Plants ca. 75 cm tall. Leaves 1, basal, withering at flowering. Scape with 7, glabrous sheaths, glabrous below, glandular above. Spike 11.5 cm long, cylindrical, densely many flowered. Flowers small. Floral bracts 7 mm, linear–lanceolate, somewhat oblique. Ovary 10 mm long, densely glandular. Dorsal sepal up to 4.5 mm long and 1.8 mm wide, oblong–obovate, concave, subacute, densely pubescent outside, obscurely 1-nerved. Petals up to 4.5 mm long and 1.7 mm wide, obliquely oblong–oblanceolate, attenuate towards subacute apex and towards the base, ciliate on both margins near the middle, obscurely 3-nerved. Lateral sepals up to 4.5 mm long and 2.5 mm wide, obliquely oblong–elliptic, concave, subobtuse, densely pubescent outside, 1-nerved. Lip up to 5 mm long in total and 5.5 mm wide, sessile, with no basal thickenings; hypochile rhombic when spread, very thick and papillate at the apex, sulcate; epichile 1 mm long and wide, subcordate, subacute, thick at the base. Gynostemium 4 mm long, geniculate above the base, very ciliate on dorsal surface, sparsely ciliate on the ventral one.

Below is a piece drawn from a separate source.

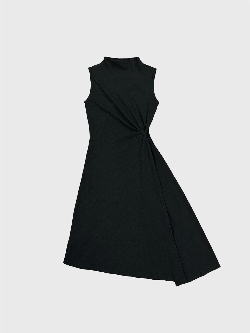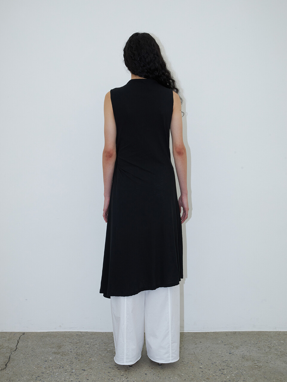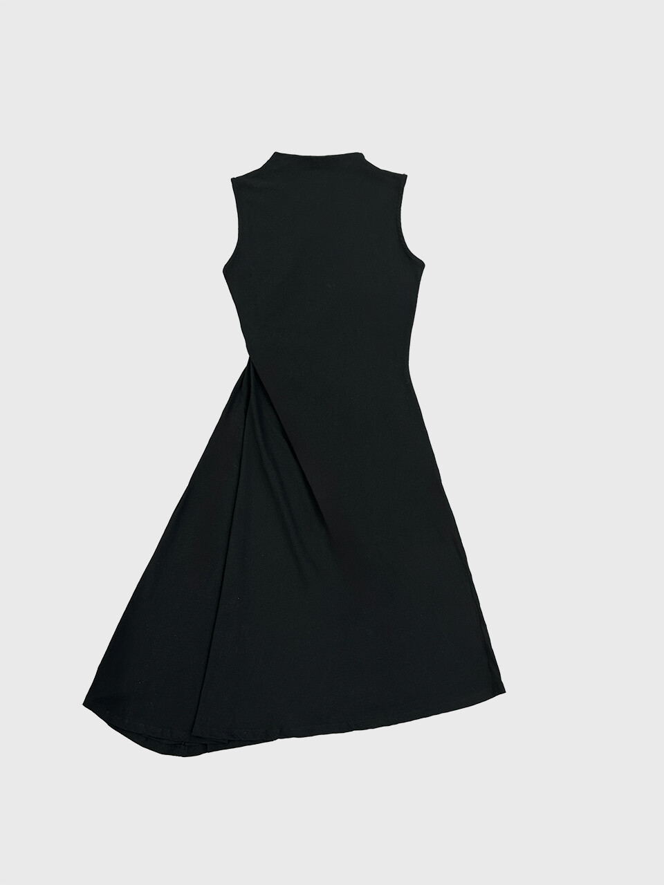 코튼 100% 소재로 제작된 하이넥 슬리브리스 롱 드레스입니다.

Ecology: Terrestrial in páramo, subpáramo, also Andean forest with Weinmannia, Brunellia, Clusia and Miconia. Flowering time: February–May, July–September, November.

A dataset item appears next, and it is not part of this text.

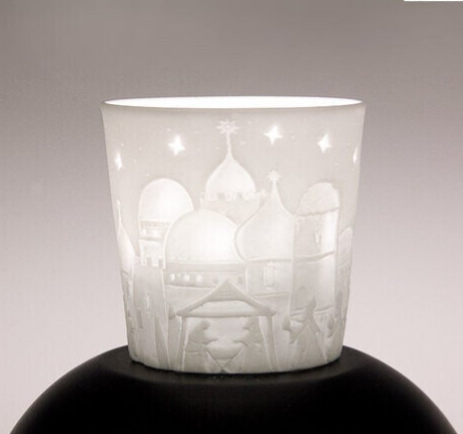 Porseleinen kandelaar bethleheml. Afmetingen: 6 cm hoog, 5,5 cm doorsnede.
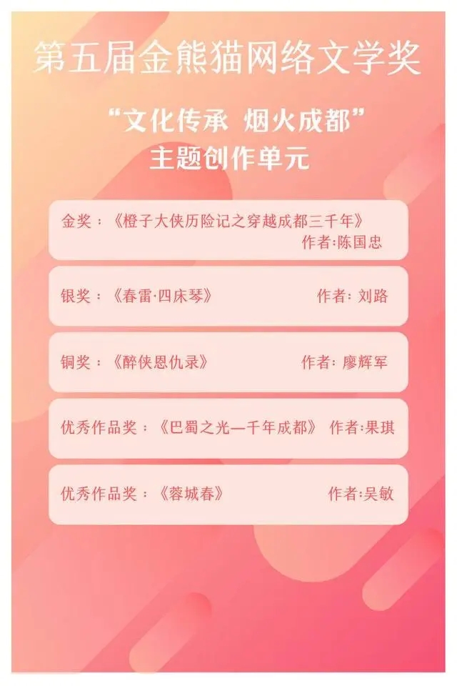 现场揭晓了第五届“金熊猫”网络文学奖获奖作品名单。本届“金熊猫”网络文学奖共征集322部作品,涵盖古典仙侠、现实百态、传统武侠、时空穿越等题材,最终角逐出17部获奖作品。其中,《我为中华修古籍》获第五届“金熊猫”网络文学奖长篇单元金奖,《水安息》获中短篇单元金奖,《橙子大侠历险记之穿越成都三千年》获“文化传承 烟火成都”主题创作单元金奖。此外,《凤凰彩票这十年》《时光织锦店》《春棠欲醉》等作品分获最具时代精神奖、最具创意价值奖和最具潜力IP奖等奖项。

Distribution: Colombia (Cundinamarca, Huila, Magdalena, Risaralda, Tolima), Venezuela (Mérida). Elev. 2,500–3,700 m (Fig. 11).

Fig. 11
figure11

Distribution map of Gomphichis jaramilloi S. Nowak and Szlach. in Andean Colombia

Etymology: Dedicated to Roberto Jaramillo Mejía, who intensively collected and was an expert in Colombian plants.

Conservation status: According to the IUCN Red List (IUCN 2011), the species can be assigned as NT. The species is known from several fragmented localities, most of them are concentrated in Cundinamarca. All localities are limited to heavily impacted high Andean páramo (Davis et al. 1997), so there are not much potential habitat and in our opinion continuing decline in extent and area of occurrence, as well as a quality of habitat are expected.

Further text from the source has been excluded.